The plot is fine, although it feels almost as though it was intended to be roughly twice to three times as long as it is, as it wraps up pretty quickly and it feels a bit...deus ex machina. It does detract from the overall feeling. The story starts pretty slow and then hurtles into a speed that is too fast and too neat. The introspection and the consideration present in the beginning are completely absent later in the book. Character development starts happening with a speed that is off-putting and doesn't make much sense, either.

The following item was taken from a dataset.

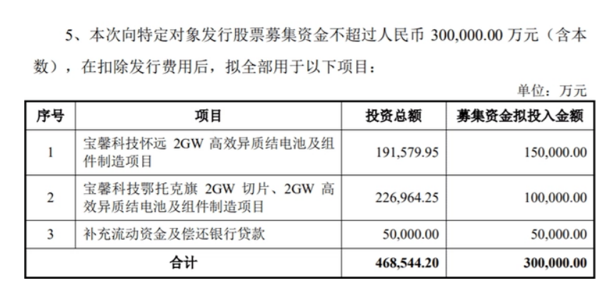 据悉,本次向特定对象发行股票募集资金不超过30亿元(含),在扣除发行费用后,拟全部用于宝馨科技怀远2GW高效异质结电池及组件制造项目、宝馨科技鄂托克旗2GW切片、2GW高效异质结电池及组件制造项目、补充流动资金及偿还银行贷款。
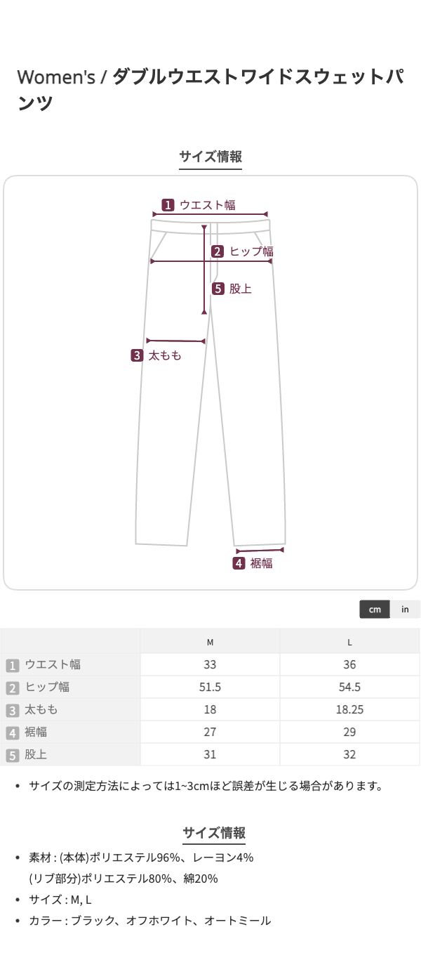 M:ウエスト66、ヒップ103、股上31、わたり幅36、裾幅27

Despite all of that, I found myself wanting to read it all of the time, so...four stars.
★ ☆ ☆ ☆ ☆
steve williams
To be honest I think this is more of a "2.5-star" book. However, I'm giving it only one in order to try to balance out all of the unreasonably high ratings it has received - and to try to help other people avoid being suckered by those views into reading this piece of crap.

I hope we can dissuade further authors from writing more poorly written, overly chirpy and glib "Martian" imitations that compile semi-science into some semblance of a plot (with virtually no characterization). The world-building here is unbelievably lazy - the main character (in Year 2147) for *some* reason has a taste for late 20th century culture and often winds up in "retro" settings that reference early 21st century decor, thus ensuring neither the author nor his readers need to actually use their imaginations. Get you a sci-fi author who can do both (plot and science).
★ ★ ★ ☆ ☆
chrissie smith
The Punch Escrow by Tal M. Klein is a free NetGalley ebook that I read in mid-July.

A giant, wriggling-with-life story in a random, Douglas Adams-style delivery and snappy inset postscripts. A cast of several wandering throughout a world of teleportation. Couldn't get past the bulkiness of the first 10 pages.